Los postremos, ya se sabe, son voraces y amantes del buen comer. Con tal de poder escribir, cualquier escritura ajena es de provecho. Y por lo tanto, oh, escritores, tenéis que cuidaros del uso que de vuestras escrituras haga el postremo. Naturalmente, lo ideal sería dejar a mano solo las cosas que, en vida, habíais decidido publicar, devorando día a día cualquier otro testimonio, incluidas las terceras galeradas. Pero ya se sabe, los apuntes sirven para trabajar, y la muerte puede llegar de forma repentina.
En ese caso, el primer riesgo es que se publiquen manuscritos inéditos de cuya lectura emerja que erais unos perfectos idiotas, y si cada uno relee los apuntes que tomó en el cuaderno el día antes, el riesgo es altísimo (también porque es típico del apunte estar fuera de contexto).
A falta de apuntes, el segundo riesgo es que, inmediatamente post mortem, se multipliquen los congresos sobre vuestra obra. Cada escritor tiene la ambición de ser recordado por ensayos, tesis de doctorado, reediciones con notas críticas, pero son trabajos que requieren tiempo y calma. El congreso inmediato obtiene dos resultados: empuja a un tropel de amigos, estimadores, jóvenes en busca de fama, a redactar cuatro relecturas rudimentarias y, ya se sabe, en casos similares se refríe lo ya dicho, confirmando un cliché. De esta forma, al cabo de poco tiempo, los lectores pierden interés por unos escritores tan insistentes en su previsibilidad.
El tercer riesgo es que se publiquen las cartas privadas. Raramente escriben los escritores cartas privadas diferentes de las de los comunes mortales, a menos que lo hagan de mentira como Ugo Foscolo. Pueden escribir «mándame el laxante» o «te amo con locura y te doy las gracias por existir», lo que es justo y normal, y es patético que el postremo vaya en busca de estos testimonios para concluir que el escritor era, también él o también ella, un ser humano. ¿Por qué? ¿Se creía acaso que era un ave zancuda?
¿Cómo evitar estas vicisitudes? Para los apuntes manuscritos, aconsejaría dejarlos en un lugar imprevisible, abandonando en cambio, en los cajones, una especie de mapas del tesoro que confirmen la existencia de este fondo pero den indicaciones indescifrables. Se obtendría el doble resultado de ocultar los manuscritos y obtener muchas tesis de doctorado que discutieran la impenetrabilidad de esfinge de esos mapas.
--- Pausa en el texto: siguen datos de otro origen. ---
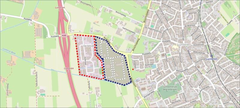 Met rood is het volle deel van De Stroet aangegeven en met blauw het nu te ontwikkelen gebied.

Para los congresos, puede ser útil dejar precisas disposiciones testamentarias pidiendo, en nombre de la Humanidad, que por cada congreso organizado en los diez años sucesivos a la muerte, los promotores tengan que dar veinte billones a Unicef. Difícil encontrar los fondos, y para incumplir el mandato es necesaria mucha cara dura.
Más complejo es el problema de las cartas de amor. Para aquellas todavía por escribir, se aconseja usar el ordenador, que engaña a los grafólogos, así como afectuosos seudónimos («tu gatito, Biribís, Furita») y cambiarlos con cada pareja, de manera que la atribución resulte dudosa. Es aconsejable también introducir alusiones que, aunque apasionadas, resulten embarazosas para los destinatarios (como «amo incluso tus frecuentes flatulencias»), y los disuadan de la publicación.
Las cartas ya escritas, en especial durante la adolescencia, son, en cambio, incorregibles. En estos casos, convendría localizar a los destinatarios, escribir una misiva que evoque con apacible serenidad días por lo demás inolvidables, y prometer que el recuerdo de esos días será tan imperecedero que, incluso después de la muerte del que escribe, los destinatarios serán revisitados para no dejar extinguir tanta memoria. No siempre funciona, pero un fantasma es siempre un fantasma, y los destinatarios no dormirán tranquilos.
Se podría llevar, también, un diario ficticio en el que, de vez en cuando, se insinúe la idea de que amigos y amigas tienen inclinación por la mendacidad y la falsificación: «Qué adorable mentirosa, esta Adelaida» o también «Gualtier me ha enseñado hoy una carta falsa de Pessoa realmente admirable».